In 1887, Thomas Stevens wrote in his travel-diary Around the World on a Bicycle:
"Prince Anushirvan Mirza, Governor of Semnan, Damghan, and Shahrood, is the Shah's cousin, son of Baahman Mirza, uncle of the Shah, and formerly Governor of Tabreez. Baahman Mirza was discovered intriguing with the Russians, and, fearing the vengeance of the Shah, fled from the country; seeking an asylum among the Russians, he is now--if not dead--a refugee somewhere in the Caucasus. But the father's disgrace did not prejudice the Shah against his sons, and Prince Anushirvan and his sons are honored and trusted by the Shah as men capable of distinguishing between the friends and enemies of their country, and of conducting themselves accordingly. The Governor's palace is not far from the north gate of the city, and after the customary round of tea and kalians, without which nothing can be done in Persia, he walks outside with his staff to a piece of good road in order to see me ride to the best advantage. (As a specimen of Persian extravagance--to use a very mild term--it may be as well to mention here as anywhere, that the Governor telegraphed to his son, acting as his deputy at Shahrood, that he had ridden some miles with me out of the city!) During the evening one of the Governor's sons, Prince Sultan Madjid Mirza, comes in with a few leading dignitaries to spend an hour in chatting and smoking. This young prince proves one of the most intelligent Persians I have met in the country; besides being very well informed for a provincial Persian, he is bright and quick-witted..."

==Family and Offspring==
In 1850, Prince Anoushiravan Mirza married his first and chief wife (Galin Khanum) his cousin Badie ol-Jamal Khanum, daughter of Mohammad Hassan Khan Iravani by Princess Mahrokhsar Khanom "Fakhr od-Dowleh" (full-sister of Bahman Mirza).
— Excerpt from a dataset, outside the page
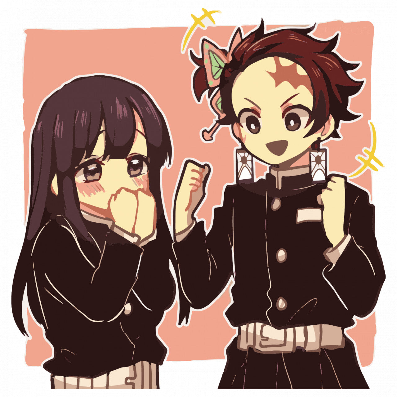 Set 5 bucati, Sticker decorativ, Tanjiro x Kanao Demon Slayer, Rezistent la apa, NO8895, 6 cm, Multicolor

Secondly he married the daughter of Prince Amir Teymur Mirza Hessami, son of Mohammad Taghi Mirza "Hessam os-Saltaneh".
He issued two sons and two daughters:
- 1. Prince Soltan Ahmad Mirza, he had issued:
  - 1.1. Princess Benazir Khanom.
- 2. Prince Soltan Majid Mirza "Dar ol-Molk".
- 3. Princess Malekzadeh Khanom, she married Prince Shazdeh Mirza Bahrami "Sana' od-Dowleh" and issued:
  - 3.1. Princess Monavvareh Khanom, she had issued.
  - 3.2. Princess Moniere Khanom, she had issued.
- 4. Princess Malekeh Afagh Khanom Bahman, (b. 1864 in Tabriz, d. 26 Oct 1917 in Tehran), married ca. 1880 1rstly: Mirza Hossein Behnam; married 1898 2ndly: Amanollah Khan Zia' os-Soltan (d. 1931 in Hamburg) from the Donboli Khans of the Khoy Khanate. She had issued three sons and one daughter:
  - 4.1. Shahzadeh Ali Akbar Bahman (1880–1964), he had issued:
    - 4.1.1. Mehr-e Jahan Khanom Bahman.
  - 4.2. Ali Asghar Bahman, he had issued:
    - 4.2.1. Cyrus Bahman.
    - 4.2.2. Talieh ol-Afagh Khanom Bahman.
    - 4.2.3. Badie ol-Jamal Khanom II Bahman, who married into the Zarrinnaal family.
  - 4.3. Nosrat ol-Molouk Khanom Bahman (1899–1972), who married into the Zarrinnaal family and issued:
    - 4.3.1. Zarrin Rokh Zarrinkafsch-Bahman.
    - 4.3.2. Ali Zarrinpour Zarrinkafsch-Bahman.
    - 4.3.3. Abdol Hossein Amir Keywan Zarrinkafsch-Bahman.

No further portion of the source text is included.